WHAT THIS TASK INVOLVES: Output exactly the lines below from the one containing "为让同学们感受一代代爱国者艰" to the last line, both included. Omit pictures.

[Data items]
=== Begin Enclosure ===

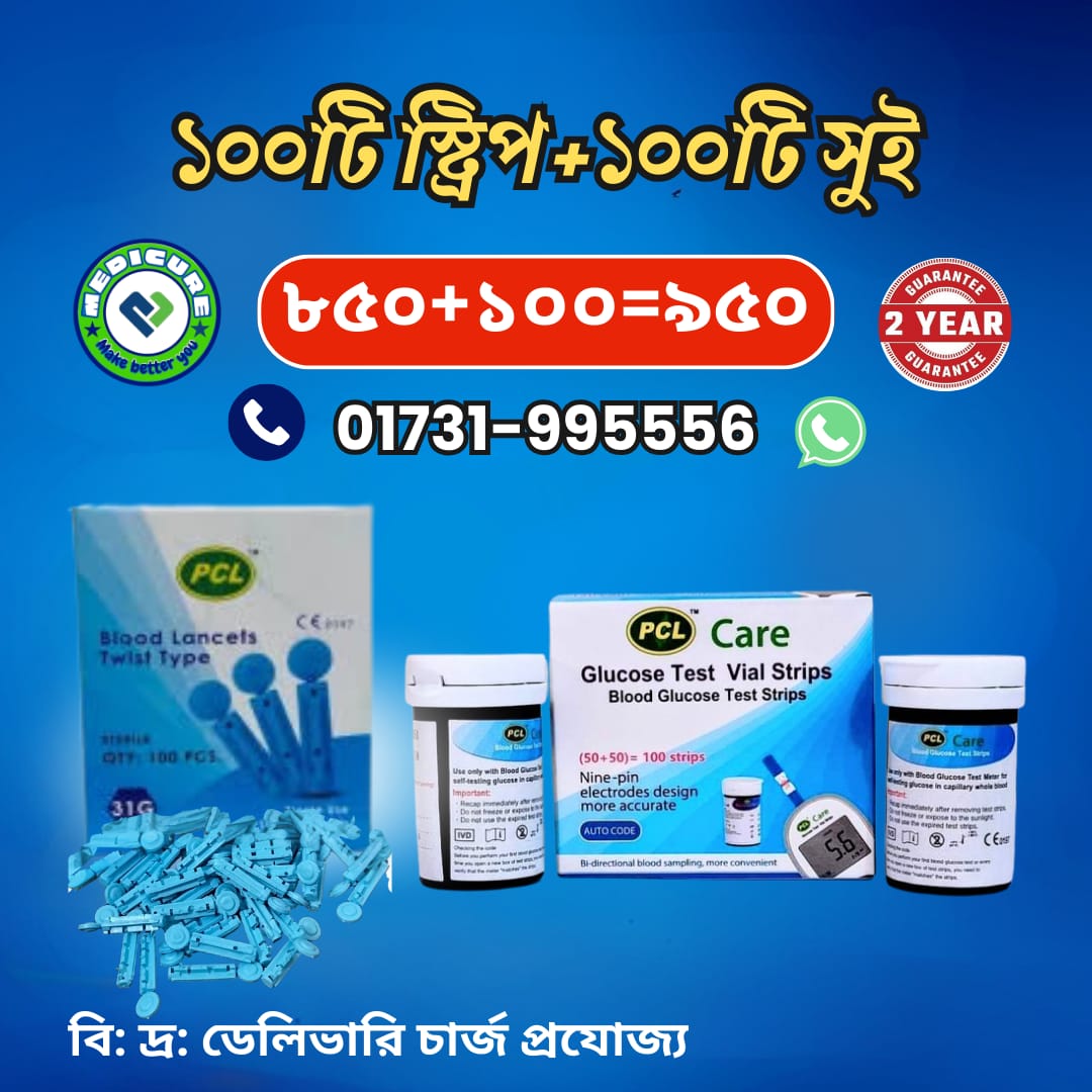 ১০০ টি স্ট্রিপ এবং ১০০ টি সুই
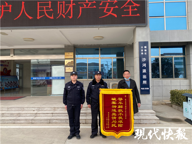 1月27日,受害人章先生專程從南京趕到贛榆,將一面錦旗送到沙河派出所。
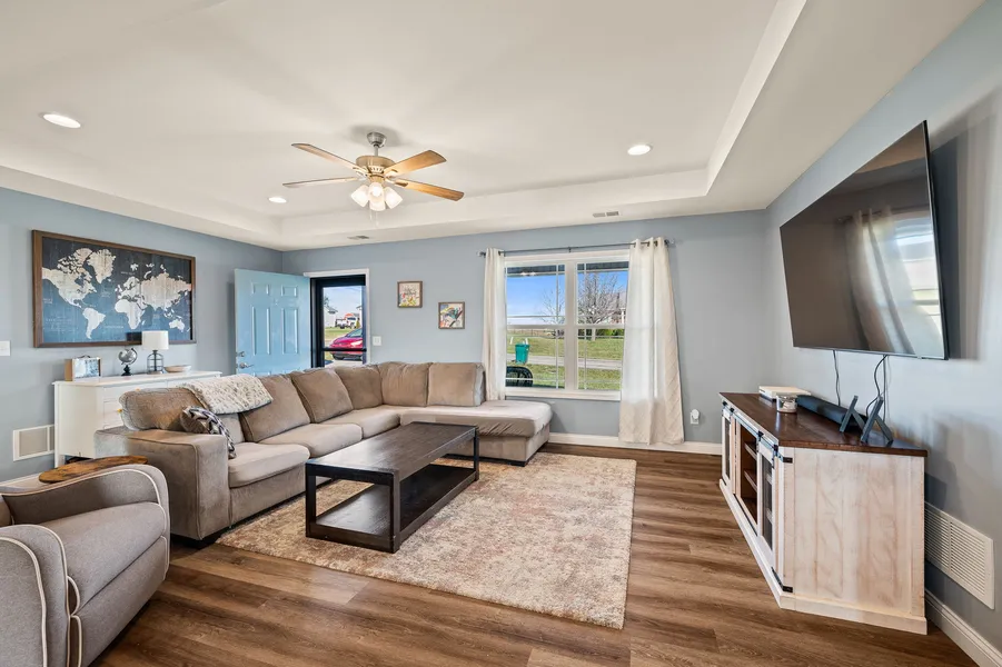 This brick ranch features 3 bedrooms, 2 bathrooms, and an open floor plan. Built just 4 years ago, this home is situated in a quiet, family-friendly neighborhood directly across from the elementary and middle schools offering both comfort and convenience. Upon entering, you are welcomed by a spacious living area with laminate flooring that seamlessly transitions into the kitchen with beautiful granite countertops. Located to the right, the master suite offers a cozy retreat with plush carpeting and an en-suite bathroom. To the left of the living area, you'll find two additional bedrooms, both carpeted for comfort, and the second full bathroom in the hallway. The kitchen leads to a back door opening onto a porch, perfect for relaxing or entertaining, with views of the backyard and surrounding greenery.
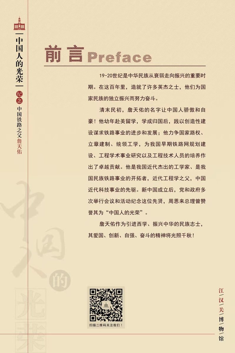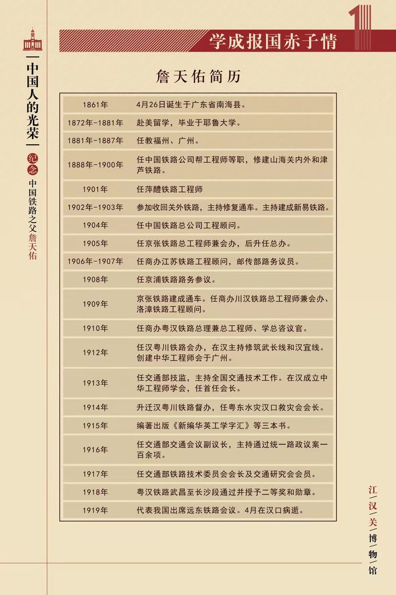 为让同学们感受一代代爱国者艰苦创业的光荣梦想,培养广大学生的爱国主义精神和自强不息意识。4月26日-30日,由我院与江汉关博物馆联合举办的“中国人的光荣—纪念‘中国铁路之父’詹天佑”展览北四门口展出。
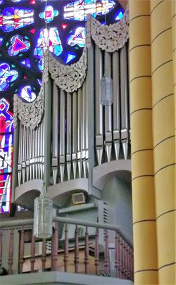 | Gehäuse: | Dreiteilig, Pedal links, Hauptwerk rechts, davor Rückpositiv |
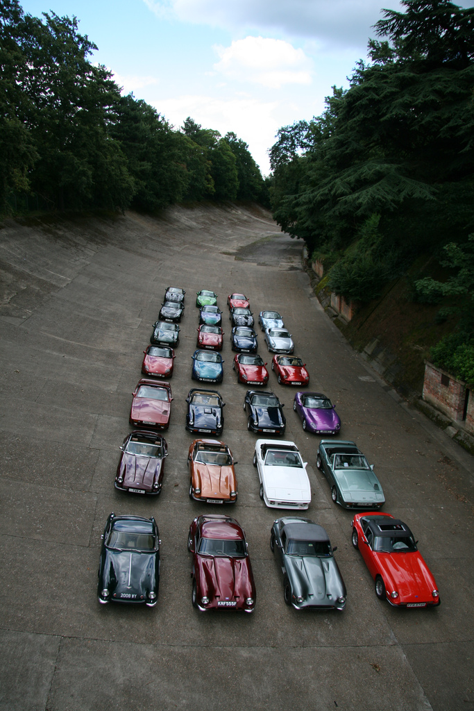 A collection of a majority of the production models TVR made in their history, taken at the famous Brooklands race circuit - the first purpose-built circuit in the world.
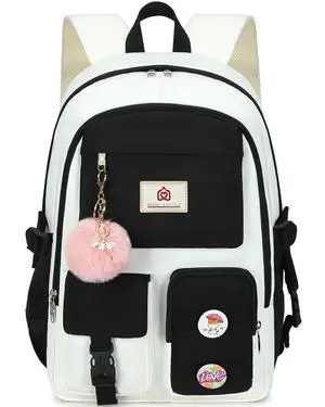 Hidds Laptop Backpacks 15.6 Inch School Bag Elementary Middle High College Backpack Cute Bookbags Anti Theft Travel Back Pack Casual Daypack Kids Book Bag for Teens Girls Women Students-Black Beige

=== End Enclosure ===

EXERCISE SOLUTION:
 为让同学们感受一代代爱国者艰苦创业的光荣梦想,培养广大学生的爱国主义精神和自强不息意识。4月26日-30日,由我院与江汉关博物馆联合举办的“中国人的光荣—纪念‘中国铁路之父’詹天佑”展览北四门口展出。
 | Gehäuse: | Dreiteilig, Pedal links, Hauptwerk rechts, davor Rückpositiv |
 A collection of a majority of the production models TVR made in their history, taken at the famous Brooklands race circuit - the first purpose-built circuit in the world.
 Hidds Laptop Backpacks 15.6 Inch School Bag Elementary Middle High College Backpack Cute Bookbags Anti Theft Travel Back Pack Casual Daypack Kids Book Bag for Teens Girls Women Students-Black Beige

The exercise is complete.